Sociologist Juliet Schor applies this to modern consumption. We no longer compare ourselves to neighbours; we compare ourselves to the aspirational lifestyles on screens. The reference group has expanded infinitely, and so has our sense of what we're "missing."

FOMO isn't irrational. It's the logical endpoint of desire that was never really about the object at all.

🏙️ The Agora

Brands have turned scarcity psychology into an exact science.

In the 2000s, streetwear brand Supreme refined the "drop" model: announce a collection, release items weekly in limited quantities, sell out within minutes. They famously sold branded bricks, crowbars, and toothpaste, none with practical use, all commanding resale prices in the hundreds. The lesson was clear: scarcity drives prices up.

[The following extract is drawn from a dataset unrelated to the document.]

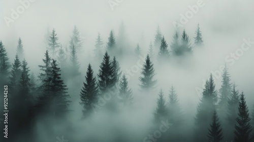 Misty Forest Landscape With Tall Pine Trees at Dawn
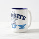 Mug, branco com interior azul e o logotipo de Cara do site na parte externa

Now the playbook is everywhere. Nike digitized queuing with virtual waiting rooms and Instagram raffles. Booking.com tells you, "15 people are looking at this room right now." Amazon displays the message, "Only 3 left in stock." These aren't informational; they're emotional triggers designed to make inaction feel like loss.

Neuroscience confirms what marketers already knew: scarcity messaging activates our prefrontal cortex's emotional response, encouraging impulsive choices. When we see a countdown timer, our brains respond in a manner similar to that during threat detection.

Research from 2025 revealed that FOMO now acts as the main mediator between social media advertising and purchasing, more influential than the adverts themselves. We don't buy because we're persuaded; we buy because we're afraid of missing out.

The global sneaker market surpasses $131 billion, with forecasts indicating it will reach $215 billion by 2031. Much of that value comes from manufactured scarcity, the strategic limitation that makes abundance appear insufficient.

⚡ Signals

📜 Quote: "Losses loom larger than gains." — Daniel Kahneman, Nobel Prize-winning psychologist

📊 Study: Research published in Nature Human Behaviour confirmed that Kahneman and Tversky's prospect theory replicates across 19 countries: we feel losses roughly twice as intensely as equivalent gains, explaining why "missing out" hurts more than "getting" satisfies.

🎨 Artifact: The Supreme brick, a literal clay brick with a logo, sold for $30, now reselling for $300+. The ultimate proof that scarcity manufactures value independent of utility.

😂 Meme: "Me adding something to my cart that I didn't know existed 5 minutes ago because there's only 2 left in stock."

🤔 Prompt: When was the last time you wanted something more because you might lose the chance to have it? What were you really afraid of losing?

📝 Reader's Agora

What's your worst FOMO purchase? The item you bought wasn't because you needed it, but because you couldn't bear the thought of missing out. Reply and confess, we’re collecting these for a future issue on buyer's remorse. The best stories might appear (anonymously) in an upcoming edition.

🎯 Closing Note

Here's the uncomfortable truth about scarcity theatre: it works because it reveals something genuine about us. We are social beings who compare ourselves to others. We are loss-averse creatures who feel deprivation more sharply than gain. We are meaning-seekers who find significance in restriction.

The drops, queues, and timers aren't causing these tendencies. They're taking advantage of patterns as ancient as pilgrimage and taboo.

The question isn't whether you'll experience FOMO again. You will. The real question is whether you can recognize it for what it is: not proof that you're missing something valuable, but evidence that you're human in a world made to make you feel constantly behind.

Sometimes, the strongest action you can take is to let the timer run out.